Blick aufs Land: Das Projekt Burgberg Posterstein will mit Bürgerengagement ein nachhaltiges Dorfleben schaffen

Blick aufs Land
Heute war ich in einem 450 Einwohner-Dorf in Thüringen, wo über 200 Leute zu einer Bürgerversammlung zusammenkamen, um sich über den Fortgang eines Regionalentwicklungsprojekts zu informieren. Es ging um das Projekt Burgberg Posterstein „Gemeinsam nicht Einsam: Entwicklung des Postersteiner Burgbergs zu einem Zentrum für Wohnen, Arbeiten, Kultur und Natur“, dessen erstes Konzept Antonia (@federviech und vom Blog „Förderband Nachhaltigkeit“) mit entwickelt hat. Aber mal von vorn:

Das historische Herrenhaus in Posterstein stand über 20 Jahre leer.
Das historische Herrenhaus in Posterstein stand über 20 Jahre leer.

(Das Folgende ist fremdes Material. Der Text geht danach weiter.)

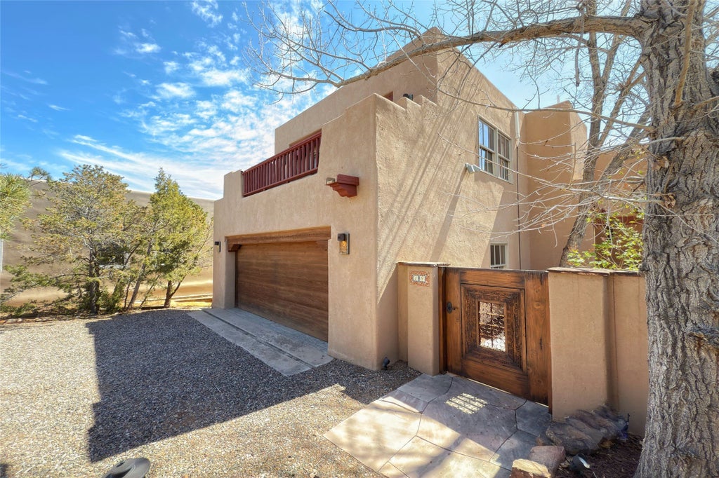 Ideal location in close proximity to Santa Fe's famous Canyon Road and renowned restaurants and boutiques. Nestled in a serene setting surrounded by piñon and juniper, this unique 4-level Santa Fe charmer combines style and comfort. Enjoy breathtaking mountain sunrise views and soak in the natural beauty from multiple level balconies. Cozy up by the wood-burning fireplace on the main floors’ living room, next to the dining room and gorgeous colorful kitchen. Equipped with a deep farmhouse sink, gas range, colorful cabinetry and backsplash, all while offering scenic views. The primary suite is located on its own level, and boasts a private balcony with sunrise views, a jetted soaking tub, and large walk-in closet. The top floor’s media room is highlighted by large built-in bookshelves, wood accents, a private balcony, and a wood-burning kiva. A true Santa Fe gem that blends architectural elegance, vibrant interiors, and panoramic views—perfect for those seeking charm and functionality in a peaceful setting. Please note, some photos are virtually staged.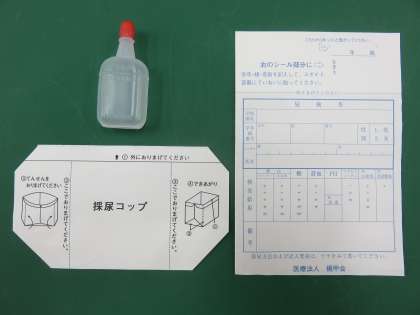本日、上記3点(スポイト容器・採尿コップ・検査袋)を子どもに持ち帰らせています。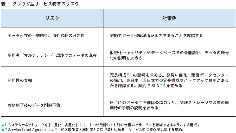 クラウド型サービス特有のリスクを表1にまとめた。事業者に問い合わせる際に参照いただきたい。

Im Ort Posterstein gibt es nicht nur eine mittelalterliche Burg mit Museum, sondern auch ein ehemaliges Rittergut mit historischem Herrenhaus, das seit Anfang der 1990er Jahre einem Investor gehörte, der es aber ungenutzt leer stehen ließ. Auf einer Einwohnerversammlung vor einem halben Jahr wurden noch Stimmen laut, dass man etwas tun müsse, um das Gelände auf dem Burgberg ansehnlicher zu machen. Freiwillige Helfer begannen sich wochentags nach der Arbeit zur Parkpflege zu treffen. Dann bot sich plötzlich – erstmals nach über 20 Jahren – die Gelegenheit, das Ensemble zurückzukaufen. Es gründete sich ein Verein, in dem auch Vertreter der Gemeinde, die Landrätin, des Museumsvereins und Bürger der Gemeinde sind. Sie kauften das Herrenhaus, einen ehemaligen Pferdestall und die alte Gutsscheune zurück. Ein Konzept über die nachhaltige Nutzung dieser Gebäude entstand. Das Land Thüringen gab Gelder für eine Machbarkeitsstudie, die nötig ist, um Fördermittel zu beantragen. Darüber hinaus setzt man auf die Unterstützung der Bürger, auf Spenden und Sponsoren.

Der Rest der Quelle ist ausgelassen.